The right decision – however unpalatable

Saturday 14th March 2009, 9:59AM GMT.

From Barrie Bertram.
JOHN Boothman’s analysis (JEP, 11 March) of the demilitarisation of the Channel Islands prior to the years of Occupation is spot on. However, to go a stage further in that analysis, I would suggest that the pre-war British defence policy for the Islands consisted of two elements.

First, it was one that placed great reliance on Belgian and French policies which themselves placed considerable emphasis on static defence at the expense of mobile forces, the French in particular having drawn the wrong conclusions from the Great War.

Had there been greater use made of tanks, as all too briefly was done at Arras, supported by aircraft, there might have been a different outcome. But in effect, Jersey’s sole line of defence was, by default, the Maginot Line and Fort Eben-Emael.

Second, it was one where the geography determined the nature of the British Expeditionary Force’s deployment and the logistics. The BEF entered France via the shortest routes to the eastern French ports and their supplies came in that way. When pressed back, they unsurprisingly went back the same way to Dunkirk and Calais.
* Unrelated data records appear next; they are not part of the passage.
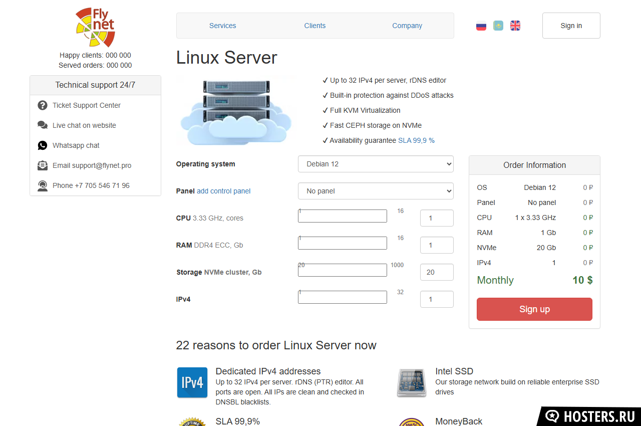 У Flynet есть один тариф VPS "Cloud VPS 1", в котором можно настроить все опции под свои задачи. Доступны VDS под управлением ОС на базе ядра Linux (виртуализация KVM). Трафик не имеет ограничений. Подробнее о тарифах →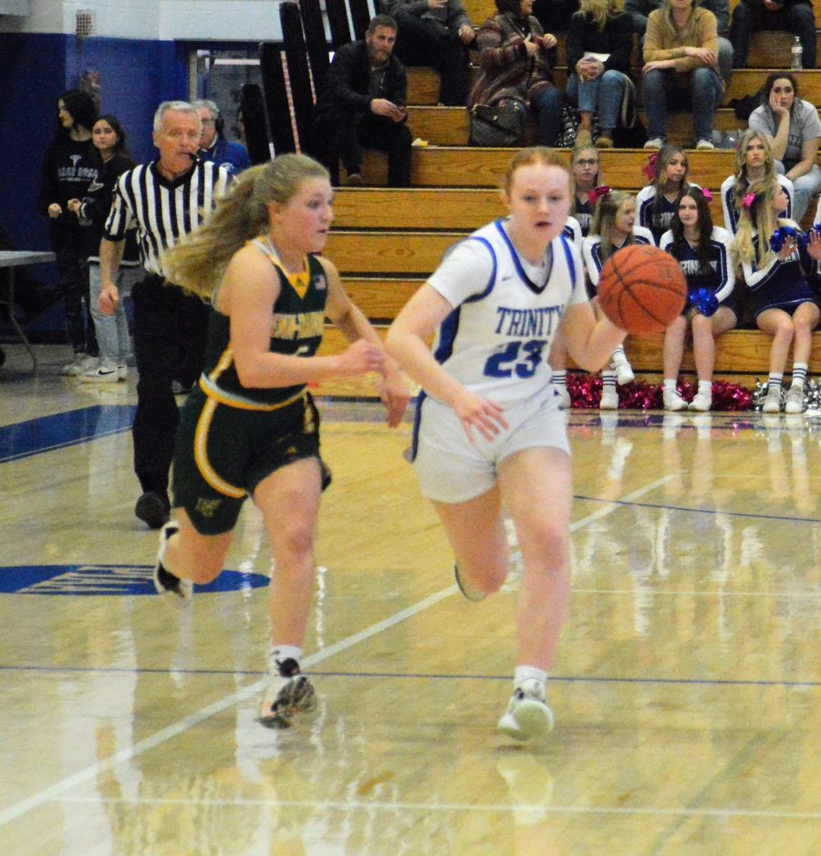 The Hillers were able to run one minute off the fourth-quarter clock before Agatha Niccolai made two free throws to give Trinity a 58-51 lead with 1:15 to play. Nicolai would add a layup with 39 seconds left that again made it a seven-point game.
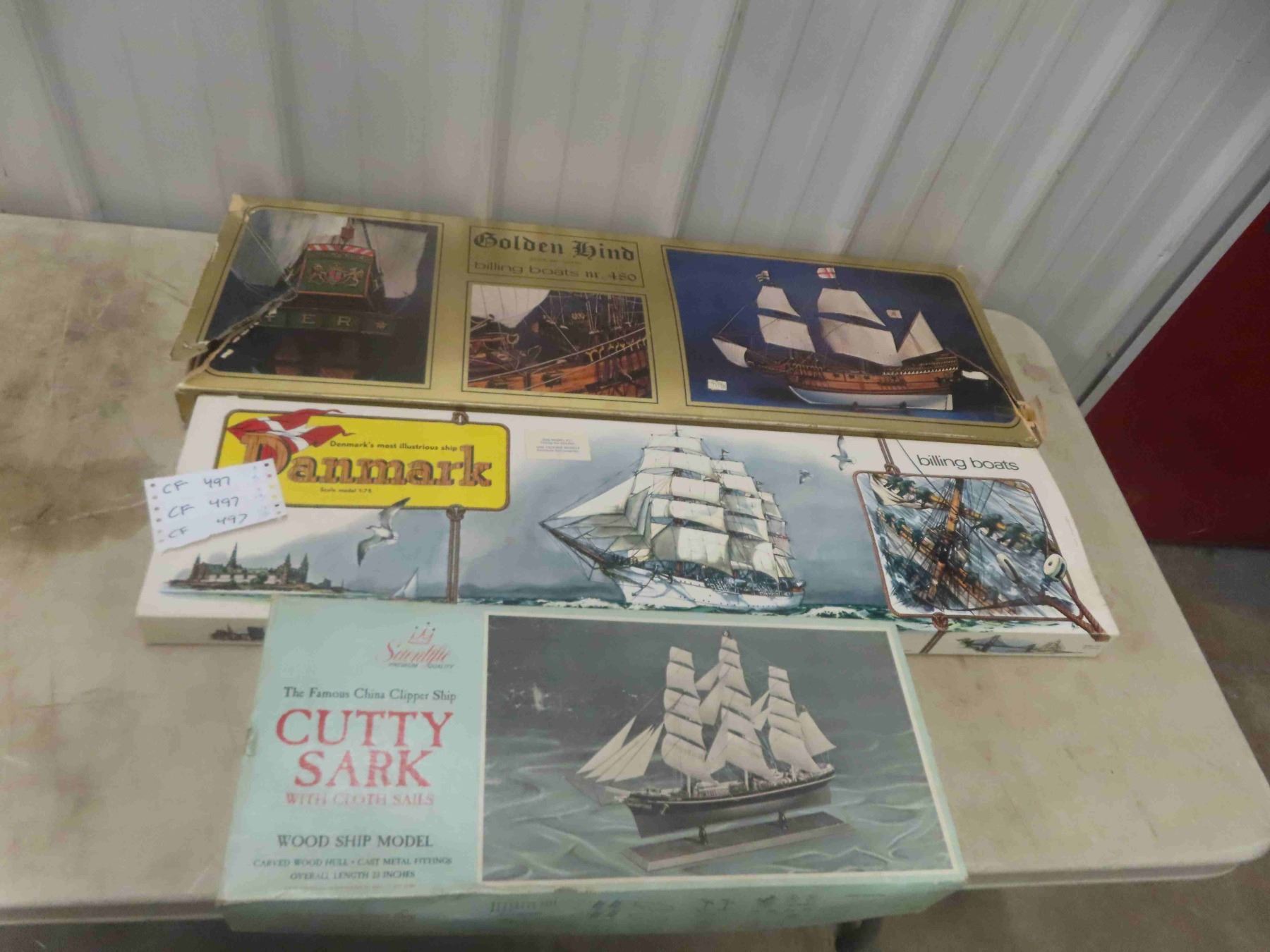 3 Wooden Ship Models: Danmark 1:25 Scale, Cutty Sark 23" Long, Golden Hind 480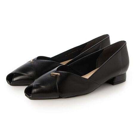 ゴールド金具がきらりと光るワンポイントオープントゥパンプス。

With British formations withdrawing through northern France, some as far as St Nazaire, the logistic position worsened with longer shipping times and limited air cover as evidenced by the loss of the Lancastria.
Demilitarisation was the correct decision regardless of how unpalatable it appeared at the time and since. The alternative would have been another Rotterdam or Warsaw. And for what purpose?